Padahal ia sudah bercita-cita ingin menerbitkan sebuah antologi puisi jika karyanya genap 1000 judul. Astaga, kenapa serumit ini ?

Sinar matahari mencorong masuk tanpa aba-aba membuatku reflek menghalau sinar itu dengan lembaran kertas yang ada ditangan kiriku. Aku tertegun sejenak. Tulisannya masih bisa terlihat jika di sorot sinar seperti ini.

Terimakasih pada Tuhan yang telah menciptakan matahari.
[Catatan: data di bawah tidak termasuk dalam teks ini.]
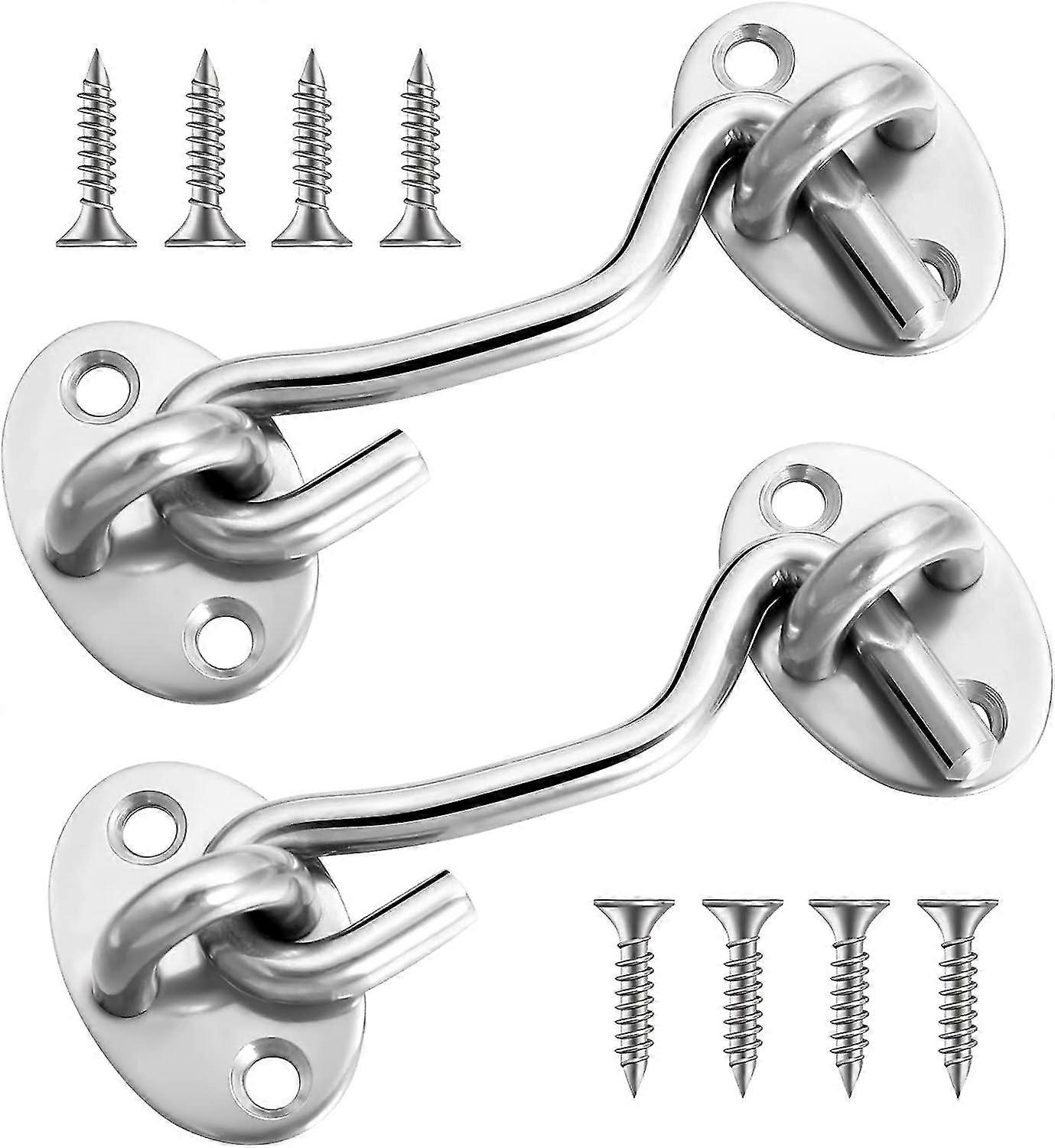 2 Pack Cabin Hook And Eye Latch Lock, 3 Inch Stainless Steel Privacy Gate Cabinet Latches, Heavy Duty Swivel Latch Lock With Mounting Screws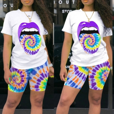 Lovely Leisure Lip Print Purple Two-piece Shorts Set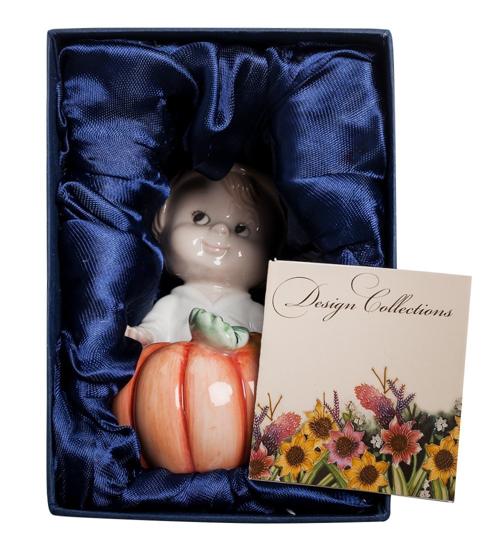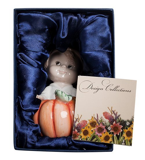 Хэллоуин – праздник для всех детей и взрослых, народное веселье, основанное на переодеваниях, шутливых страшилках и легендах. Каждый ребенок ждет этого праздника, чтобы переодеться в красивый костюм любимого героя и хоть на один вечер стать неузнаваемым и устрашающим воином. Фарфоровый сувенир Хэллоуин изображает мальчика в пиратской одежде, сидящего у тыквы и показывающего что-то в ладони. Очевидно, что это монетки или конфета, которыми угощают детей во время праздника. Чудесное милое личико ребенка будет всегда поднимать вам настроение и радовать глаз.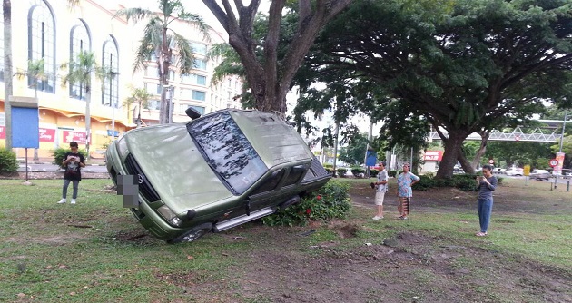 砂拉越北砂 闪避越界汽车 四驱车侧翻撞树 2016年9月30日 四轮驱动车为闪避车子,结果失控侧翻路面后撞美化树。 (本报美里30日讯)公公载孙子上学途中为闪避一辆突然越过其道路的车子,导致四轮驱动车失控侧翻后撞向一棵美化树,结果四驱车形成了“狗撒尿”的姿势。Advertisement 上述意外今日清晨约6时30分,于市区靠近百利达商业中心道路发生。 约60岁的男司机当时正载送13岁的孙子到学校,却在路上遇意外。 当时,因一辆轿车突然越过其道路,司机受到惊吓并作出闪避,结果四驱车失控翻覆路面后撞向一棵美化树。 尚幸两人在意外中没有受伤,但饱受惊吓。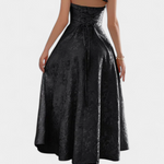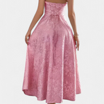 Sofisticación con actitud para brillar con estilo en cada ocasión. El vestido Gilda combina la textura lujosa del jacquard con una silueta femenina y detalles audaces. Su escote profundo y la espalda descubierta con lazo ajustable realzan la figura con elegancia y carácter.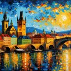 A colourful painting of Prague at sunset, featuring historical buildings, a bridge, and reflected lights on the water. The sky is filled with swirling, expressive clouds.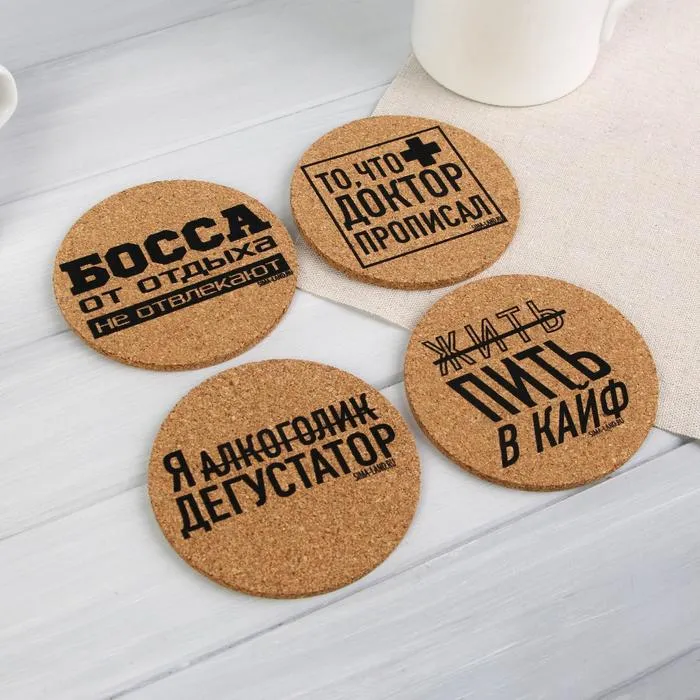 Подставки под стакан «Пить в кайф», 4 шт., d=9 см — Характеристики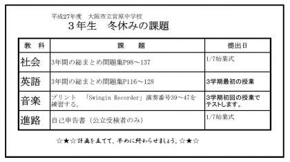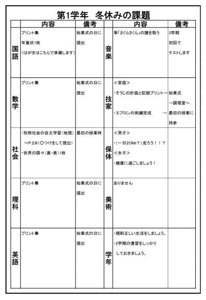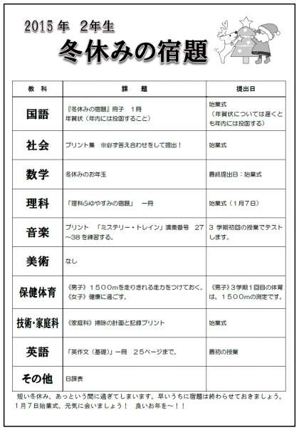 さて、冬休みの課題は着々とすすんでいるでしょうか。各学年の課題一覧を掲載しますので、計画的に取り組み、新学期をむかえる準備をしましょう。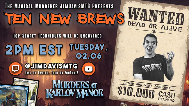 And of course Ten New Brews will follow! Unfortunately, Wizards of the Coast has cancelled Early Access this time around, so Ten New Brews will have to wait until the official release date, but it will still be awesome! That will also be live on Twitch and later on YouTube, and my article right here on CoolStuffInc.com will go over all ten decklists with my detailed thoughts on each!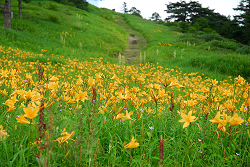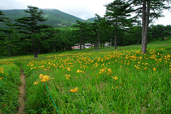 車坂峠にやってくるとゲレンデにはニッコウキスギが咲き乱れている。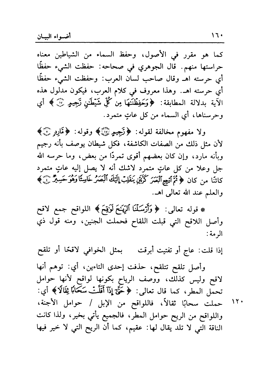 كما هو مقرر في الأصول، وحفظ السماء من الشياطين معناه حراستها منهم. قال الجوهري في صحاحه: حفظت الشيء حفظًا أي حرسته اه وقال صاحب لسان العرب: وحفظت الشيء حفظًا أي حرسته اه. وهذا معروف في كلام العرب، فيكون مدلول هذه الآية بدلالة المطابقة: {وَحَفِظْنَاهَا مِنْ كُلِّ شَيْطَانٍ رَجِيمٍ (١٧)} أي وحرسناها، أي السماء من كل عاتٍ متمرد.

Aku sedikit banyak bisa meringankan masalah gadisku. Buru-buru aku menempelkan lembaran setengah basah itu ke jendela dengan selotip. Pujian-pujian sejak dari tadi aku ucapkan dalam batin kepada Tuhan.

Beberapa masih bisa terbaca. Aku cukup senang dengan itu. Tak apa, aku sudah berjuang.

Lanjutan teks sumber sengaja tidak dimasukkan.